Given entries:
########
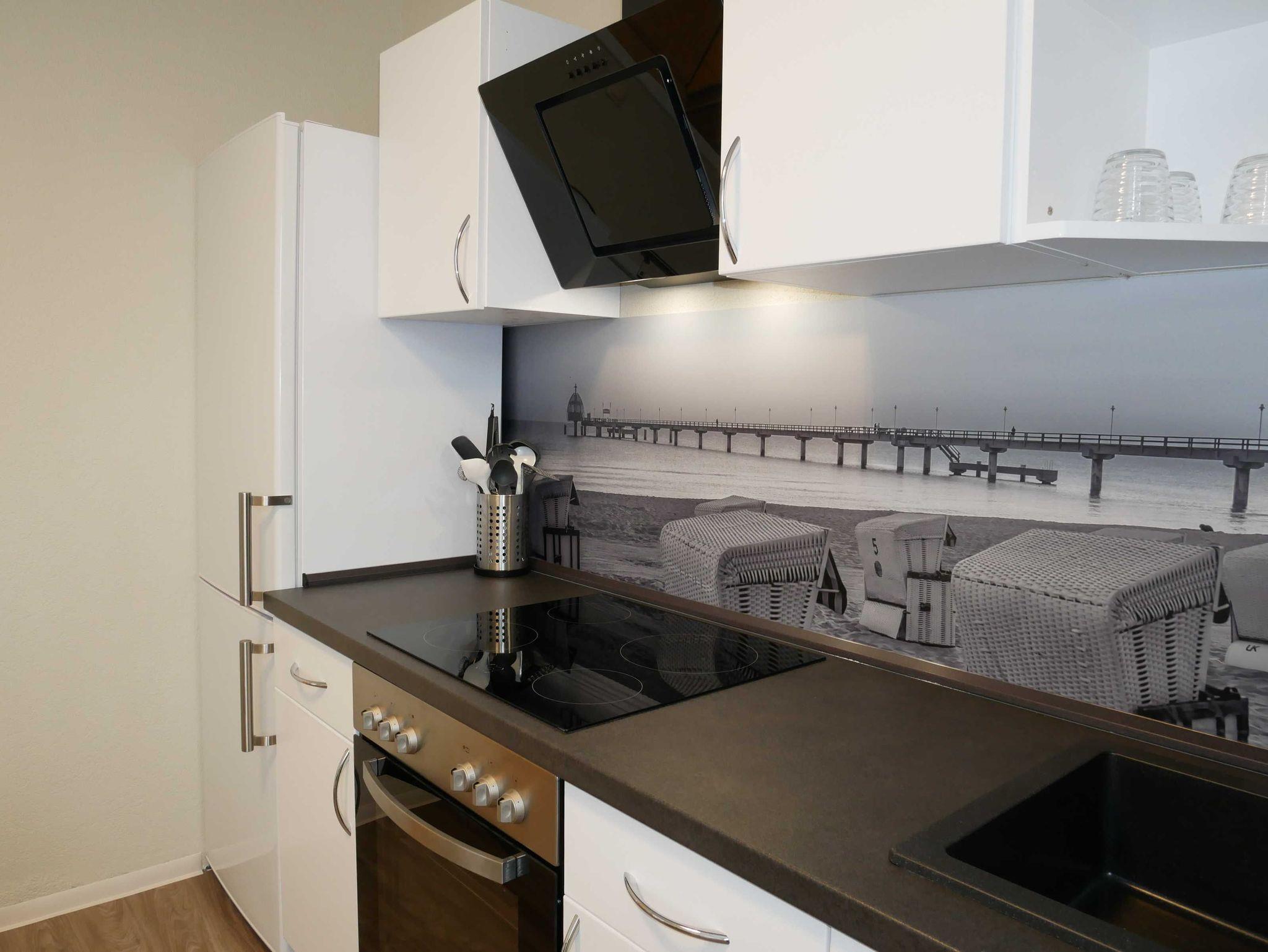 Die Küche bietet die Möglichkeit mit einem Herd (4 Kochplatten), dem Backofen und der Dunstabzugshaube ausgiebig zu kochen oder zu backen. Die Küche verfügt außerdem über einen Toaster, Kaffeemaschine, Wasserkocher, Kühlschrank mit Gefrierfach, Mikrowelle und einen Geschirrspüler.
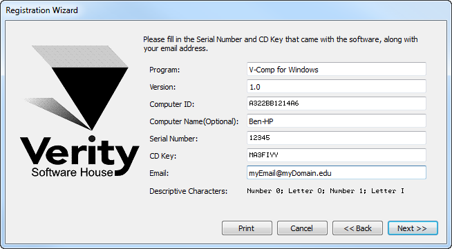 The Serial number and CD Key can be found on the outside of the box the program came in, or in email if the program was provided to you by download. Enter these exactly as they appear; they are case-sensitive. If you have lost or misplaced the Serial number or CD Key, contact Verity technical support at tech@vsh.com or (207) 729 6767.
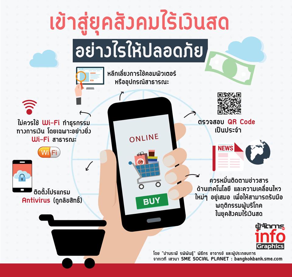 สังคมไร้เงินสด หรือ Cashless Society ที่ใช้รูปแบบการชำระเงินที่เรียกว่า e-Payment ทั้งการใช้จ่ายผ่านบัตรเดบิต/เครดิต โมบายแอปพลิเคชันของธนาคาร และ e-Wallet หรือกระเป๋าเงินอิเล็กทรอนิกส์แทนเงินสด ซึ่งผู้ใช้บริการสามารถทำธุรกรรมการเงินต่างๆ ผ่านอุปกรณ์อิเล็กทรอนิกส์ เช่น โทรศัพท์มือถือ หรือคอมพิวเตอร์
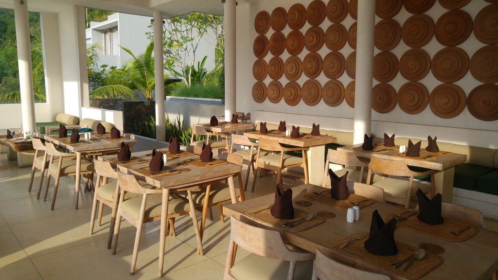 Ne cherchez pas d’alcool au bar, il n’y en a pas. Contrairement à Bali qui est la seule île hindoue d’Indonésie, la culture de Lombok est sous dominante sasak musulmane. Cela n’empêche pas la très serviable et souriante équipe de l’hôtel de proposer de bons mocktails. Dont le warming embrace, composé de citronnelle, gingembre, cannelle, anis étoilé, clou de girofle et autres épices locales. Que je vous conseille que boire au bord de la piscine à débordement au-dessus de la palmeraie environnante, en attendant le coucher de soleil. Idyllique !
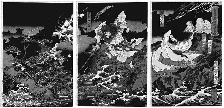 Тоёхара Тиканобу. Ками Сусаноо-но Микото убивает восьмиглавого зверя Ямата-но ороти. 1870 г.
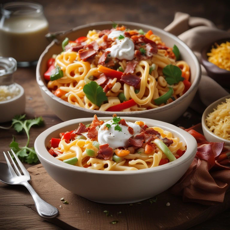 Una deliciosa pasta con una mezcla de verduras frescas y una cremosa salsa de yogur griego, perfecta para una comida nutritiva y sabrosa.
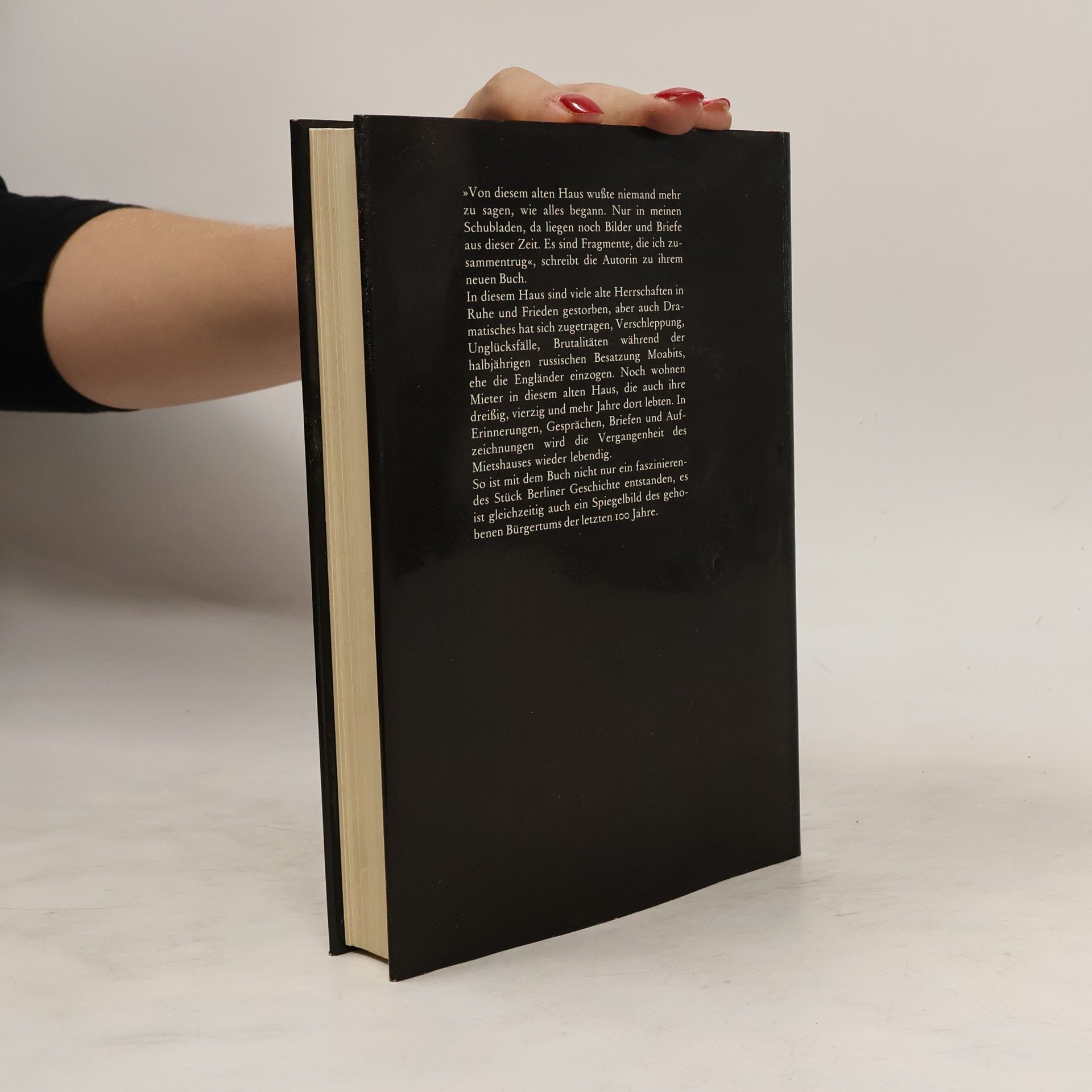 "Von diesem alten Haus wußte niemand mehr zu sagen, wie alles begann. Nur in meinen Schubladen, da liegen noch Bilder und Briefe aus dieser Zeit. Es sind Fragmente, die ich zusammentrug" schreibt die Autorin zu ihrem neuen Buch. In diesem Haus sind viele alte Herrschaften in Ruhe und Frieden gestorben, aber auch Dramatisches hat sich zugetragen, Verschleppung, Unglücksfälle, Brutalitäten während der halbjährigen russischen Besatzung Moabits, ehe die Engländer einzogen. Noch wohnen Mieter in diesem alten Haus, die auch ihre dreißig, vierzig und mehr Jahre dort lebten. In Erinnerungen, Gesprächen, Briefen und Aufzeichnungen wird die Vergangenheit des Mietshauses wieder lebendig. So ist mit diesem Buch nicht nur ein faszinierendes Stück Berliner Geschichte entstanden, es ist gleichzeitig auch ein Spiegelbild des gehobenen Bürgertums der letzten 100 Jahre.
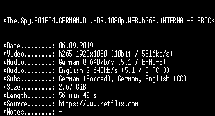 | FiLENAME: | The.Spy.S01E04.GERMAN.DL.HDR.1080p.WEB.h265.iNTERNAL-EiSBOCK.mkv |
########
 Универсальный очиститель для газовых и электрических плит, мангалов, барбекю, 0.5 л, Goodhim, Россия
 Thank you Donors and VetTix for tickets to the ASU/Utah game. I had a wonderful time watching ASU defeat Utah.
########
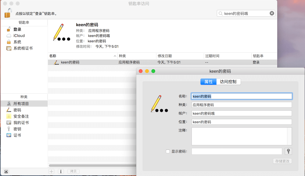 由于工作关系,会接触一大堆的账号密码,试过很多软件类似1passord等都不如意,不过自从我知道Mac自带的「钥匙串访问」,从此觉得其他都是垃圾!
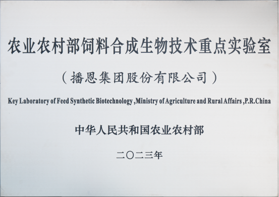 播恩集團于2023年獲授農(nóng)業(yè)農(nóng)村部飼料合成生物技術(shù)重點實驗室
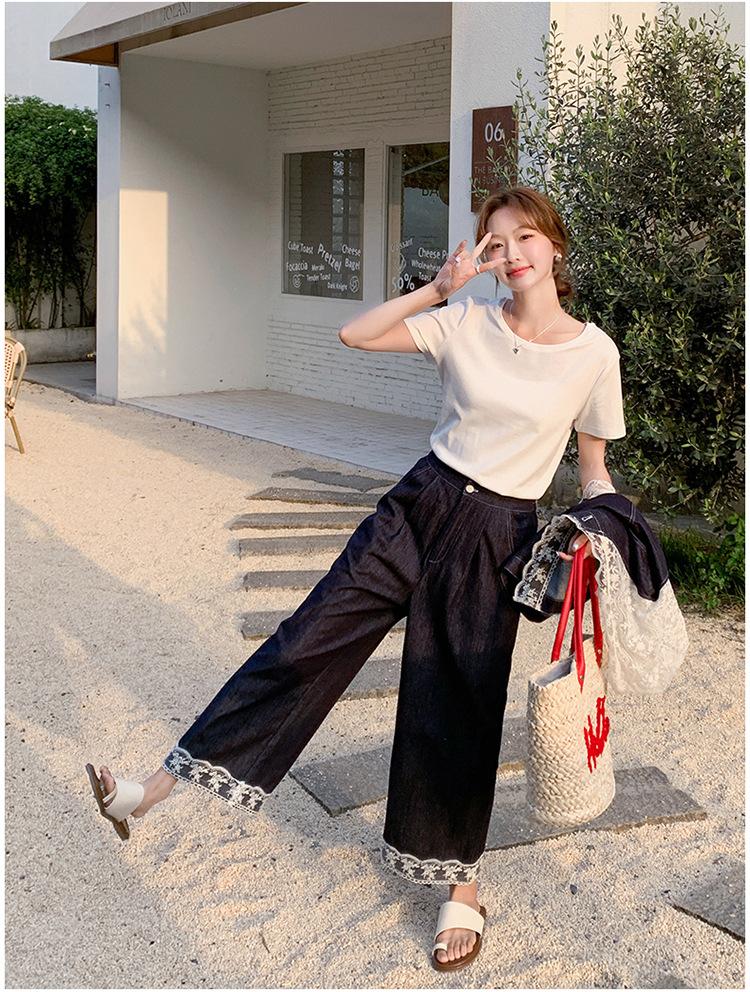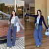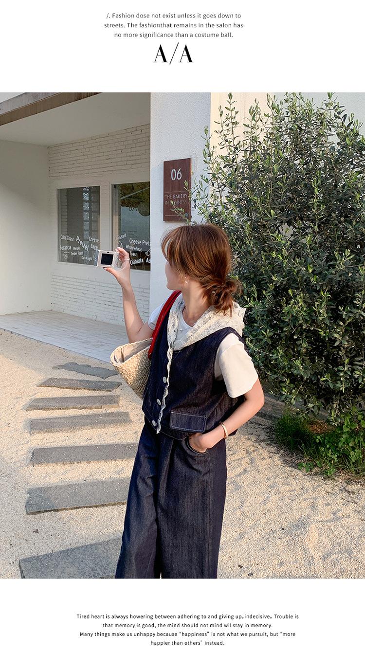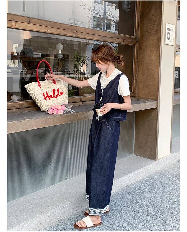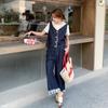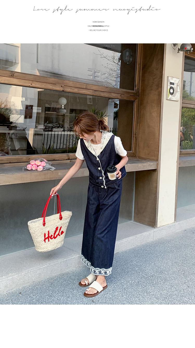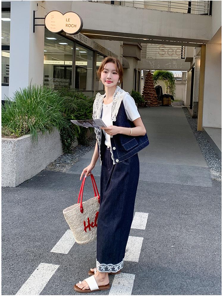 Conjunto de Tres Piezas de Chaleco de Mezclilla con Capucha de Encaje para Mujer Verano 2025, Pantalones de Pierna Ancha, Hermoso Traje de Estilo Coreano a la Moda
########
Task to complete: Look above for the line containing "由于工作关系,会接触一大堆的", then copy exactly from it through the line containing "Conjunto de Tres", keeping both and leaving out pictures. Add nothing else.

Result for this exercise:
 由于工作关系,会接触一大堆的账号密码,试过很多软件类似1passord等都不如意,不过自从我知道Mac自带的「钥匙串访问」,从此觉得其他都是垃圾!
 播恩集團于2023年獲授農(nóng)業(yè)農(nóng)村部飼料合成生物技術(shù)重點實驗室
 Conjunto de Tres Piezas de Chaleco de Mezclilla con Capucha de Encaje para Mujer Verano 2025, Pantalones de Pierna Ancha, Hermoso Traje de Estilo Coreano a la Moda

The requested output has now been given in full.